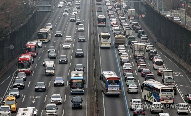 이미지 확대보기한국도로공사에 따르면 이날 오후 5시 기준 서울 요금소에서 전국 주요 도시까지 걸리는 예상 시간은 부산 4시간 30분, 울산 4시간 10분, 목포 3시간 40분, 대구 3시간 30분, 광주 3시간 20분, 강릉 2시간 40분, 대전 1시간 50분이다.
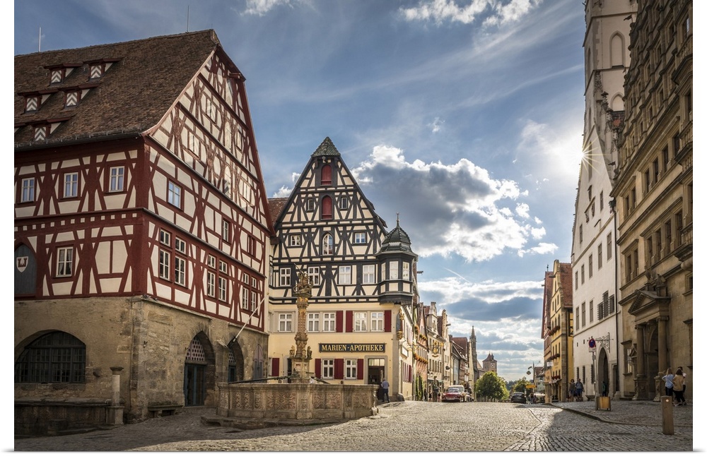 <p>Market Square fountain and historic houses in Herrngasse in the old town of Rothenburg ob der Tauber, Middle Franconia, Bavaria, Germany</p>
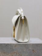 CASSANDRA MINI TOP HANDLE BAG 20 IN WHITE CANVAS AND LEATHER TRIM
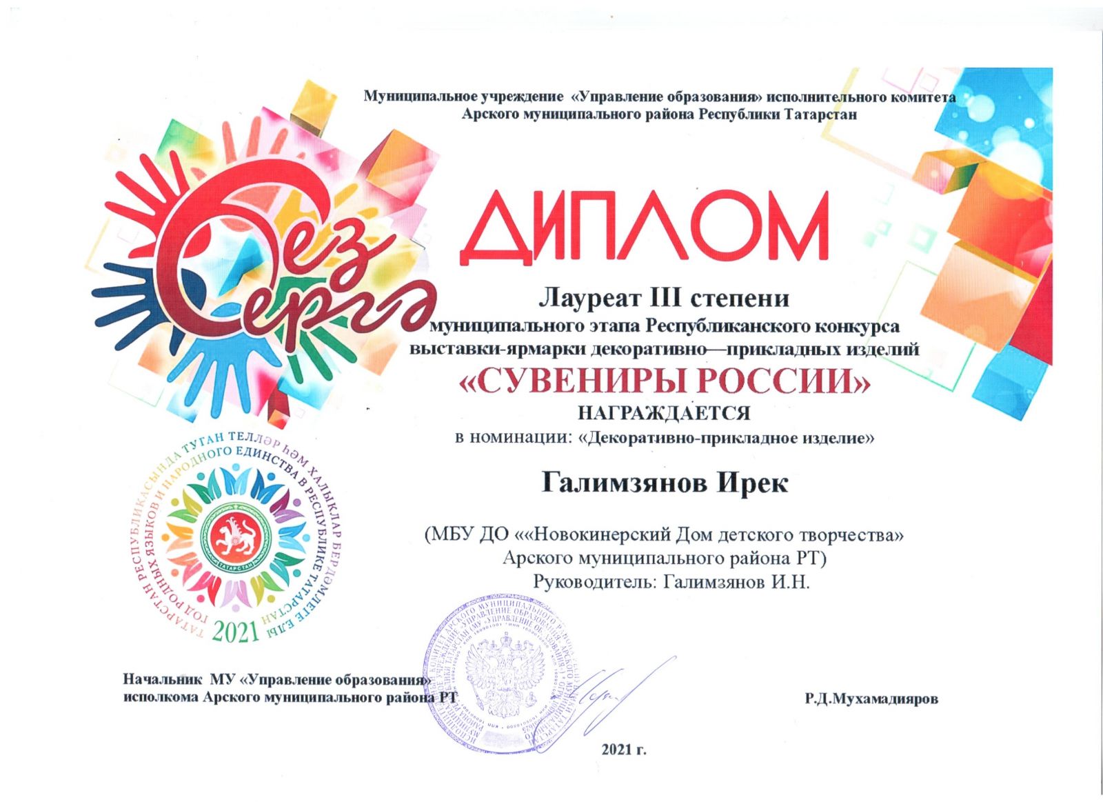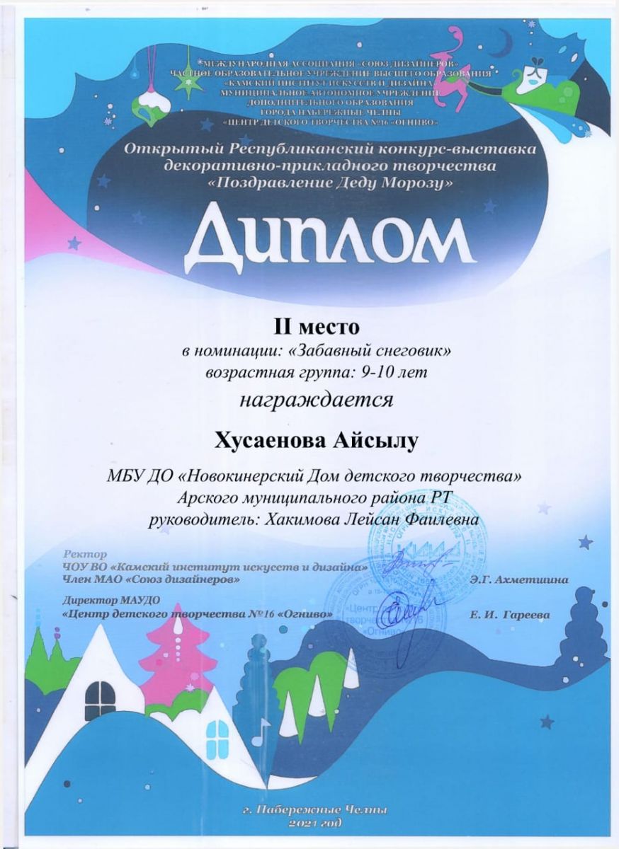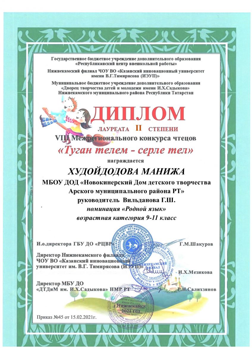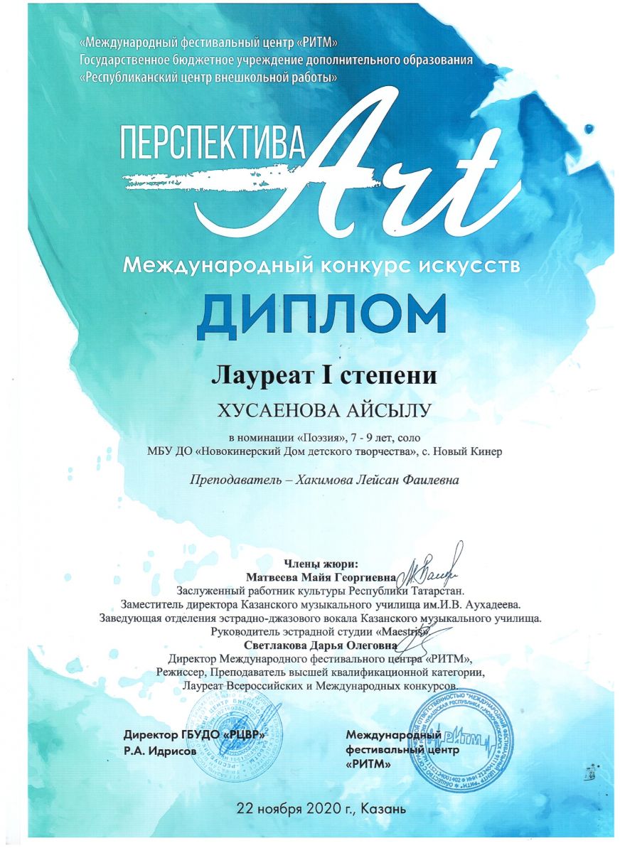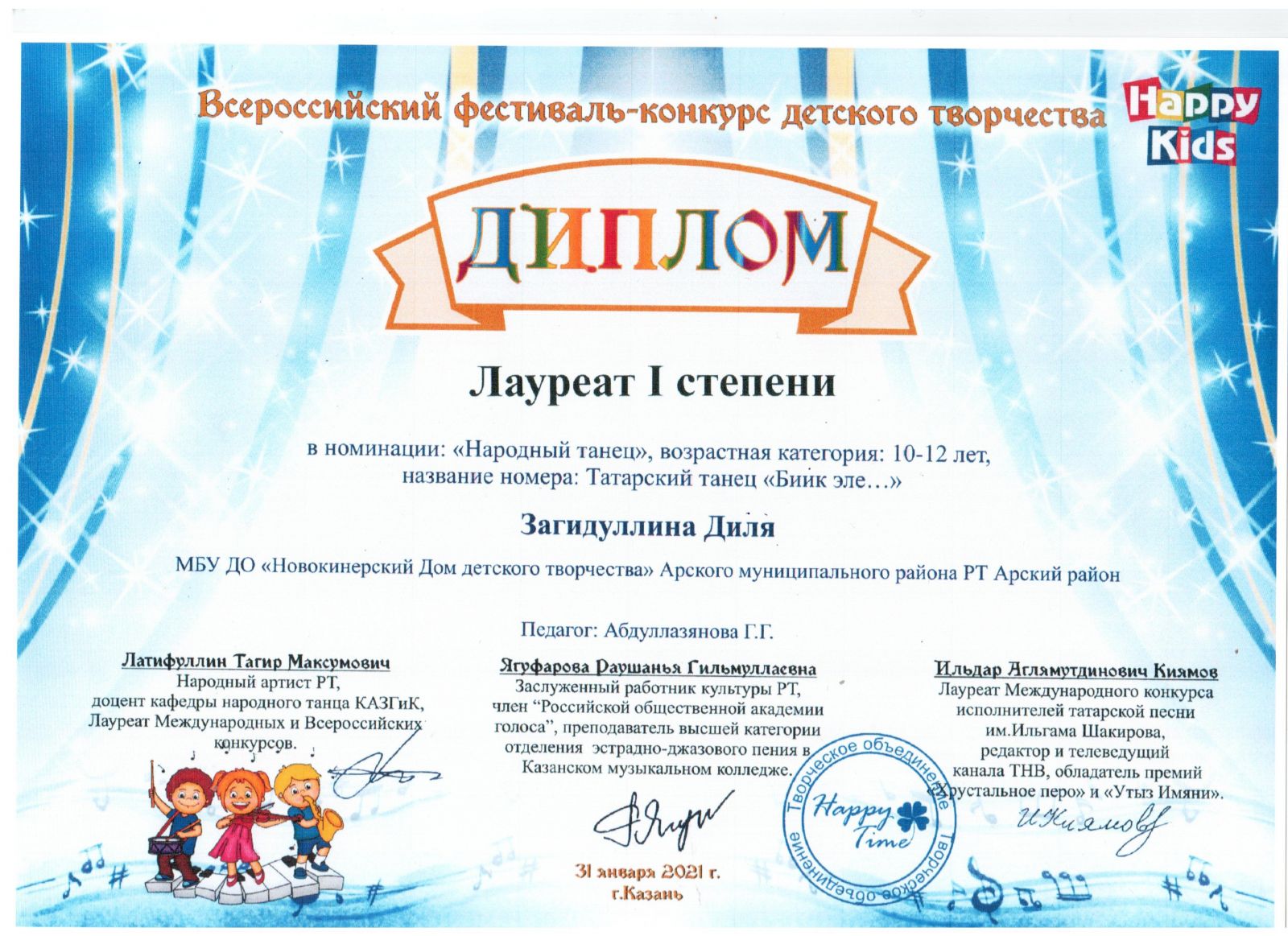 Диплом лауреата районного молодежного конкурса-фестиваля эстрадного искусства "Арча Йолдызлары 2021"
###
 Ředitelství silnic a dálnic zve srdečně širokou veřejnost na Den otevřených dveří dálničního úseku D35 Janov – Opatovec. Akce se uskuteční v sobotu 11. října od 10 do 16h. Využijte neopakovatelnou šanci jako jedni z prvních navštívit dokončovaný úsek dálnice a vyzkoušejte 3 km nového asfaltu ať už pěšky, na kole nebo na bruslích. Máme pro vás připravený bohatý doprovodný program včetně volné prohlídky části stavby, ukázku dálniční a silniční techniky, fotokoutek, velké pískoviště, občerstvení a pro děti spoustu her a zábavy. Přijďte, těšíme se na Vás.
###
Because only one stretch of the records is wanted, please output the lines from the one holding "이미지 확대보기한국도로공사에 따르면" through the one holding "Диплом лауреата районного" exactly, both included, and leave every picture out.

 이미지 확대보기한국도로공사에 따르면 이날 오후 5시 기준 서울 요금소에서 전국 주요 도시까지 걸리는 예상 시간은 부산 4시간 30분, 울산 4시간 10분, 목포 3시간 40분, 대구 3시간 30분, 광주 3시간 20분, 강릉 2시간 40분, 대전 1시간 50분이다.
 <p>Market Square fountain and historic houses in Herrngasse in the old town of Rothenburg ob der Tauber, Middle Franconia, Bavaria, Germany</p>
 CASSANDRA MINI TOP HANDLE BAG 20 IN WHITE CANVAS AND LEATHER TRIM
 Диплом лауреата районного молодежного конкурса-фестиваля эстрадного искусства "Арча Йолдызлары 2021"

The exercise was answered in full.